As part of my series on judgment and decision making, I discussed the benefits of avoiding overthinking. Jim Paul has a good anecdote that illustrates this point nicely:
One morning Joe Siegel and I were on the trading floor when one of my accounts called in from vacation. “What’s lumber doing today?”
“It’s limit up.”
“The cash market is a lot stronger because storms in the Northwest are making it hard to get the lumber out from the mills.”
I told him prices for two-by-fours of white fir, western SPF, and green Douglas fir, and continued reading the news wire. The “green” in green Douglas fir refers to the fact that it has been newly cut (it has not been dried), just like someone who is new at something is referred to as green.
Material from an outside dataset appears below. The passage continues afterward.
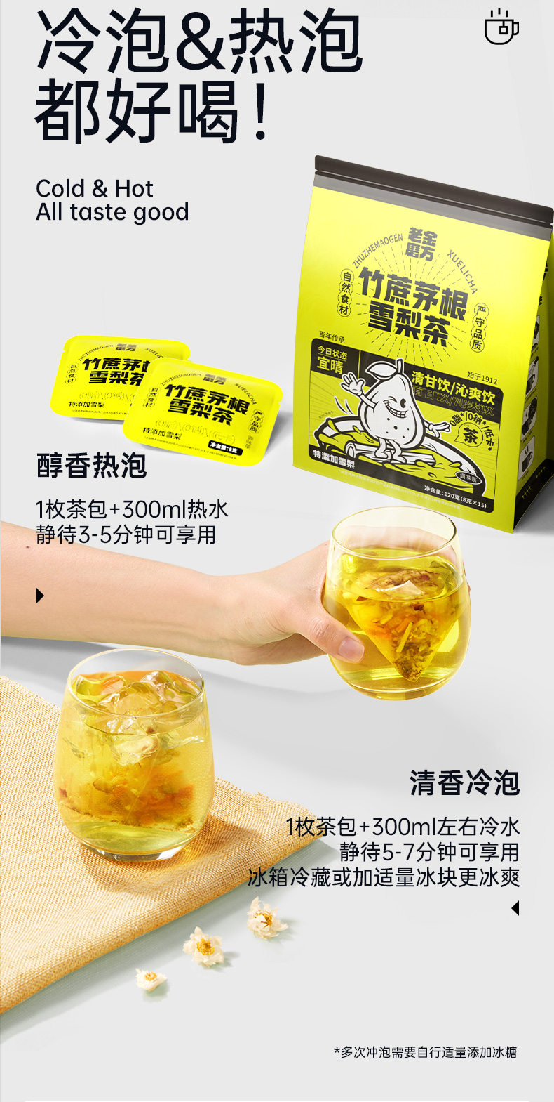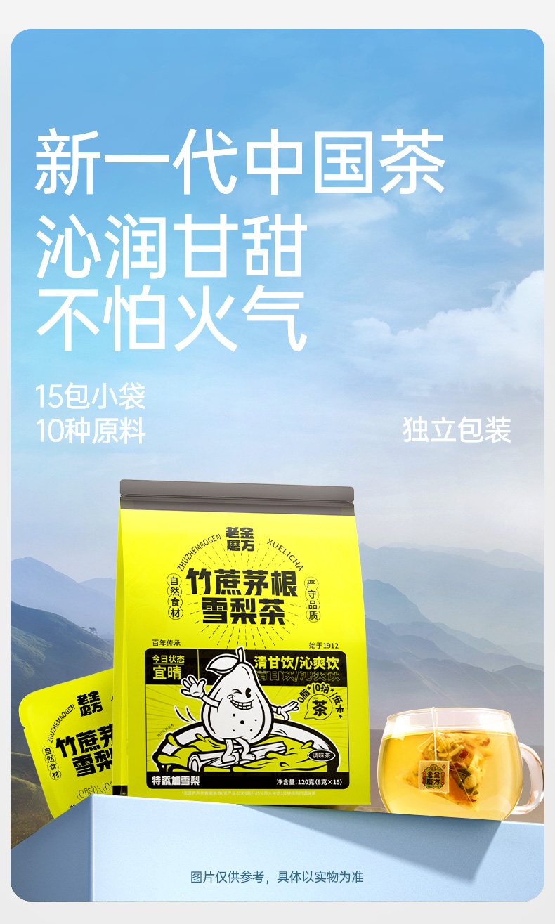 【2袋装】老金磨方竹蔗茅根雪梨茶甘蔗马蹄茶凉茶水果茶上火养生茶

Siegel looked over at me and said, “I never have understood why they get such a premium price for lumber that they paint green.”1
I couldn’t believe it. Here was Joe Siegel, easily trading more lumber futures than anyone else on the floor, and he didn’t even know the difference between green and kiln-dried lumber in the cash market. I wasn’t sure if he was kidding me or not. But looking back, I can only now see how it was possible for him to be such a successful trader without knowing that green lumber isn’t actually painted green. He was a trader, and he relied on short-term information like order flow and price action to make his decisions because his time frame was short-term. He didn’t let longer-term information more suited for investor types interfere with his trading. He knew the difference between traders and investors.2
Editorializing a bit, Siegel was successful because he evaluated the data based on experience and past history, and he made deliberate, emotionless decisions. He didn’t spend his time studying the lumber industry, climate change forecasts, or environmental impact surveys. He read the short-term data, evaluated the odds, and made decisions. Intentional ignorance is not admirable, but devoting time and attention to the right places while forsaking all others is.